0095-1137/03/$08.00+0 DOI: 10.1128/JCM.41.6.2417-2427.2003
Biology and Biotechnology Research Program, Lawrence Livermore National Laboratory, Livermore, California 94551
Received 7 February 2002/ Returned for modification 14 April 2002/ Accepted 8 February 2003
|
|
|---|
|
|
|---|
TaqMan fluorogenic assays have been shown to rapidly (within 2 h) and successfully identify four viruses that can infect humans, hepatitis viruses B and C (6, 9), Puumala hantavirus (1), and West Nile virus (2), as well as the fungal plant pathogens (12). Not only were these TaqMan assays more rapid than other methods, but they also had sensitivities equal to or greater than that of nested PCR (3).
TaqMan is a fluorogenic probe-based PCR assay in which, situated between two PCR primers, there is an internal oligonucleotide probe with a fluorescent label attached at the 5' end and a quenching molecule that suppresses the fluorescent reporter at the 3' end. During DNA replication in the PCR process, the internal oligonucleotide hybridizes to the template and is digested by the 5'-3' endonuclease activity of the Thermus aquaticus (Taq) DNA polymerase as the PCR primer is extended. The internal oligonucleotide is digested only if DNA replication occurs, separating the fluorescent and quencher molecules. PCR products are detected within minutes by monitoring the increase in fluorescence that occurs exponentially with successive PCR amplification cycles. Thus, TaqMan assays require the design of three nucleic acid probes: two PCR primers and one internal oligonucleotide located between the two primers. One might think that empirical results argue forcefully for the development of TaqMan probes, or signatures, to distinguish any pathogens that pose threats to humans, livestock, or crops. Such signatures would require two things. First, they must be uniquely species specific to preclude false-positive results. Second, they must be species-wide (capable of detecting all known strains of a given species) to ensure positive results for all strains of that species, thus preventing false-negative results. Thus, we define a signature, for the purposes of this paper, as three probes suitable for a TaqMan assay that uniquely identify all strains of a given species. Some argue that species-wide signatures are unnecessary and that only common or currently circulating strains that cause human infection must be detected. However, because our primary focus is bioterrorism, we require species-wide signatures, as it is possible that a terrorist may release an old strain or engineer something into a strain that does not normally cause human infection. While we do have the ability to tailor our signatures to whatever level is required, our focus on defense against bioterrorism demands that we find species-wide signatures in any case.

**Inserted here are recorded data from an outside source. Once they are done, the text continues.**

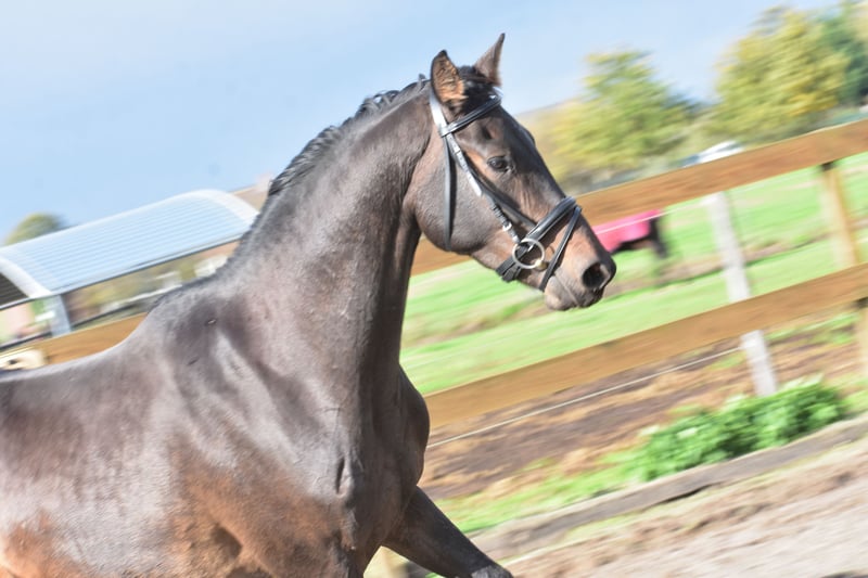 Valesco von de Melane, direkt vom Züchter, durfte ich ihn zusammen mit seinem Stallkollegen Voltaire von de Melane übernehmen. Was für ein Juwel! Ein wunderschöner, schwarz-brauner 4,5-jähriger Hengst von ca. 1,68 m mit beeindruckender Abstammung: Lavillion x Akribori x Ulft. Eine perfekte Kombination für sowohl Dressur als auch Springen. Valesco ist wirklich ein Schatz unter den Pferden. Im Stall zieht er mit seinem charmanten Auftreten alle Blicke auf sich und genießt ausgiebig Streicheleinheiten. Unter dem Sattel zeigt er seine Arbeitswilligkeit und sein ausgeglichenes Wesen. Er ist sehr angenehm zu reiten und vermittelt dem Reiter ein gutes Gefühl in der Hand. Röntgenologisch und klinisch bestens geprüft, sowohl die Beine als auch Rücken und Hals. Mit seinem Talent und seiner Vielseitigkeit eröffnen sich für Valesco zahlreiche Einsatzmöglichkeiten. Ein Pferd mit viel Zukunft, geeignet für den Sport (Dressur + Springen) sowie für die Freizeitreiterei. Er ist hier und zuvor gut im Straßenverkehr sowie beim Trailer-Transport vertraut. Sehr sozial. Frei von (stall)bedingten Gebrechen. Valesco ist kerngesund und kann sich hervorragend bewegen – mit viel Takt, Balance und Raumgriff. Preis: 9.750 € inklusive Marken-Sattel und kompletten Reithalfter.
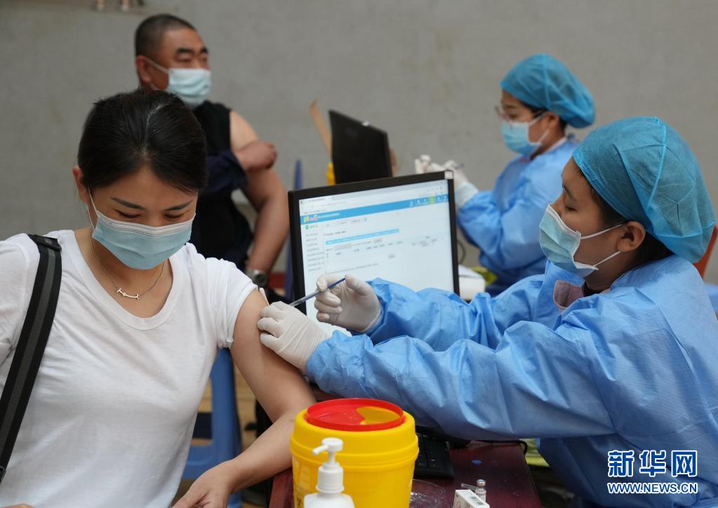 5月28日,在唐山市海港经济开发区体育馆新冠疫苗接种点,医务人员在给市民接种新冠疫苗。
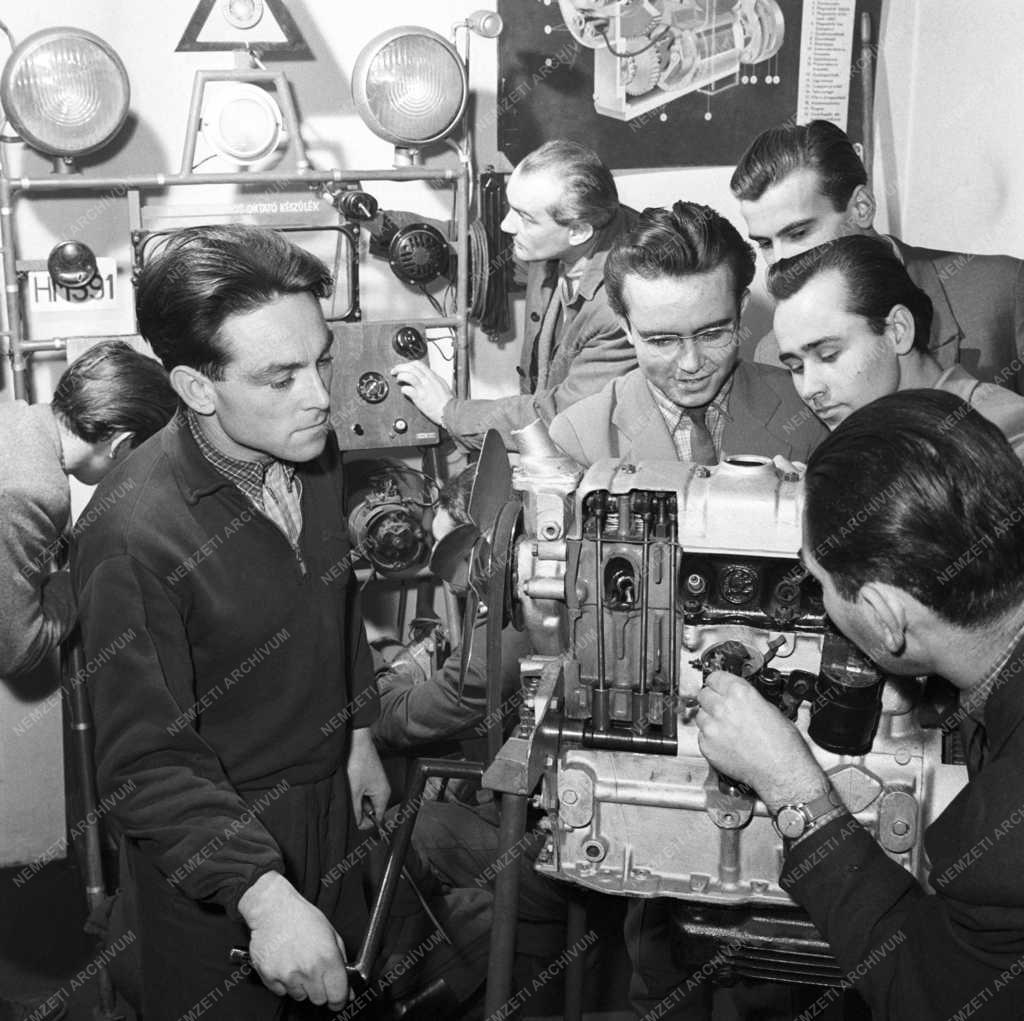 Motorszerelési gyakorlat az Autóközlekedési Tanintézetben, ahol gépkocsivezetői tanfolyamok mellett 13-féle különleges szaktanfolyamot is tartanak.
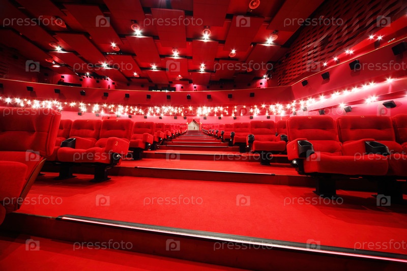 Низкоугольный вид лестницы между рядами удобных красных стульев в
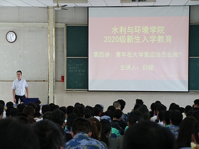 于星硕教室开展新生入学教育系列讲座之“青年在大学里应当怎么做”,本次讲座由2020级辅导员白健主讲,2020级新生班助及全体新生到场参加。
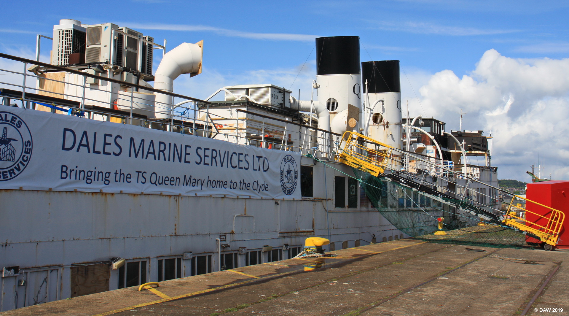 [url=https://tsqueenmary.org.uk/]The Queen Mary [/url] at Garvel docks in 2016.  Since this photo was taken much work has been done to the vessel and she is now berthed at the Science Centre in Glasgow but not yet open to the public.  The Queen Mary I remember in the 1970's had just one large yellow funnel in the centre so was easily distinguished from the other two large Clyde steamers with 2 funnels, The Dutchess of Hamilton and PS Waverly,
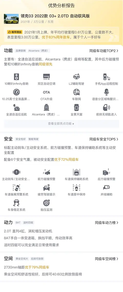 另外,同级车的最低10年平均用车成本是6141元/年,最高是14739元/年,领克03 2022款 03+ 2.0TD 自动驭风版是12072元/年,处于适中的水准,表现不算优秀,但也不拉胯。
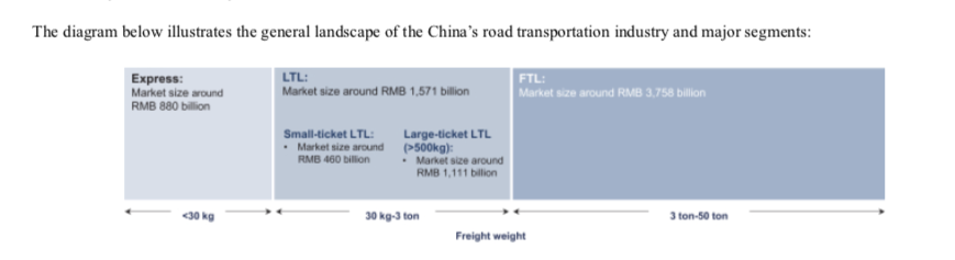 目前中国的公路运输网络总长度达15万公里,公路运输是中国交通运输的重要组成,2020年大约占整体交通运输总支出的80%。整车运输:全卡车装载货运重量超过3吨,从出发地直达目的地。快递:即时运输服务,货运重量在30公斤以内的货物。
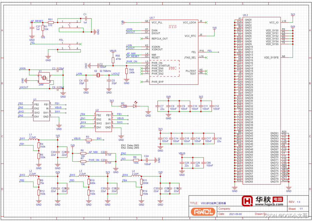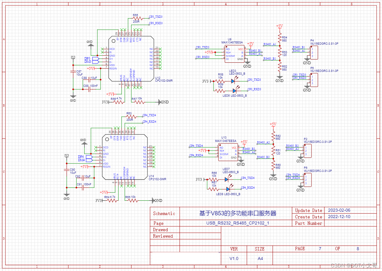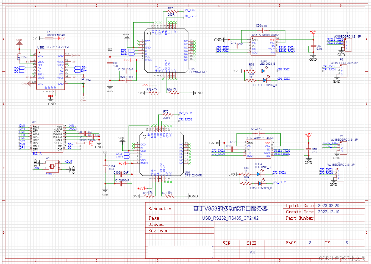实现的功能是基于官方提供的V853原理图和晕哥设计方案的基础上进行了功能扩展,新增了串口转换电路:
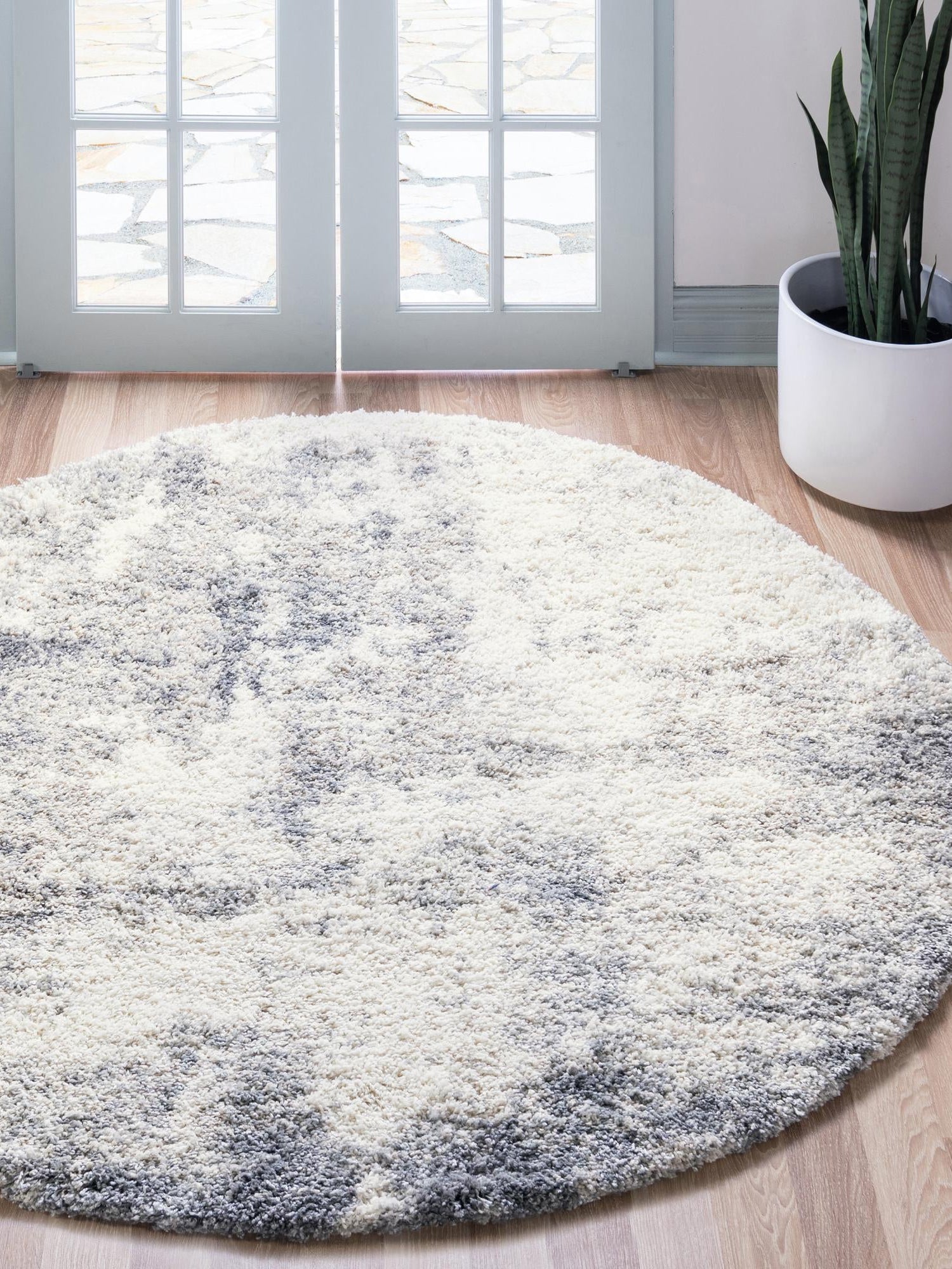 Pebble Gray 5' 3 x 5' 3 Soft Touch Shag Round Area Rug Thick Soft Touch Fluffy & Plush Shaggy Pile
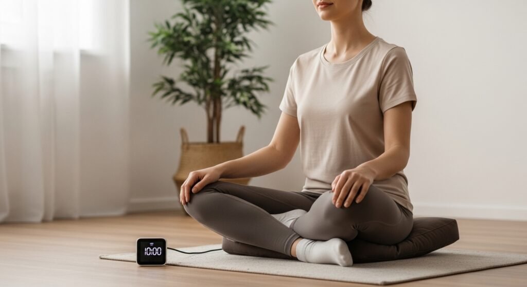 When the timer is switched off, meditation is not finished. The examples of the situations that could be more mindful in everyday life include eating, walking, or listening, and the participant should be trained to stay calm with no focus when he/she is not practicing the exercises.
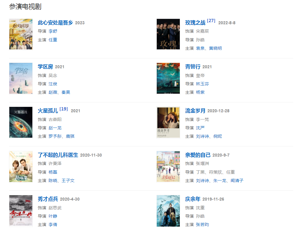 代表作品:闖關東前傳、偏偏愛上你、門·第、男才女貌
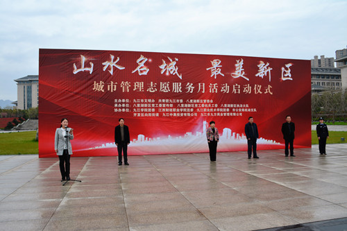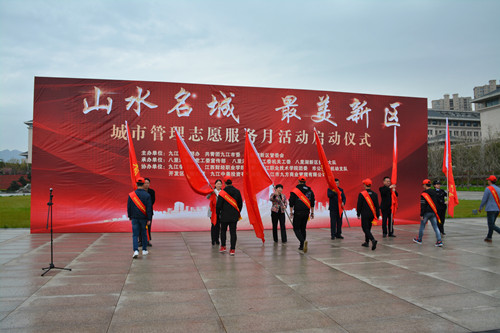 为扎实推进全市“打违治乱”整治工作,以建设文明、有序、美丽的八里湖新区,3月28日上午,九江市文明办、共青团九江市委、八里湖新区管委会于八里湖市民广场联合主办了“山水名城,最美新区”活动的启动仪式。出席本次活动的团队包括了八里湖新区党工委宣传部、党工委机关工委、八里湖新区执法大队、九江学院团委以及各界社会团体。
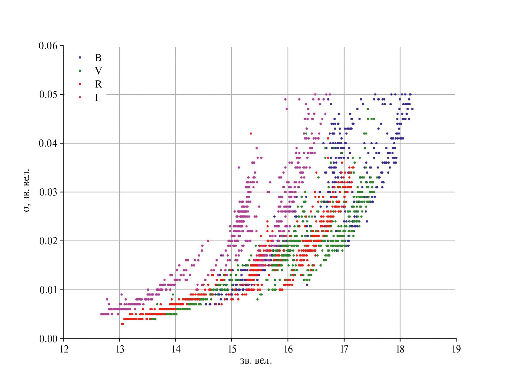 Рис. 2. Зависимость ошибок фотометрических наблюдений АСЗ на телескопе СБГ от видимой звездной величины в фильтрах B (синие точки), V (зеленые точки), R (красные точки) и I (малиновые точки).

While the empirical studies mentioned above developed TaqMan signatures for the strains and species tested, they do not demonstrate that the probes are species-wide or species specific compared to the sequences of a wide selection of other organisms. We note that it may also be desirable to develop strain- or serotype-specific signatures for exact identification purposes. Signatures specific to antibiotic resistance, virulence mechanisms, or other features would be useful for the detection of engineered organisms. These topics are not addressed in this paper.
Here, we present results of analyses to determine whether TaqMan signatures that are both species-wide and unique for human immunodeficiency virus (HIV) and hepatitis A, B, C, and E viruses could be developed. The results obtained with these species are presented to illustrate the complexity of the process of extracting high-quality signatures for many widely divergent viruses with high mutation rates (7). Our charter is to develop signatures for a number of viral and bacterial pathogens listed as threats by the Centers for Disease Control and Prevention and other government agencies, but we are prevented from discussing these organisms for obvious reasons of national security.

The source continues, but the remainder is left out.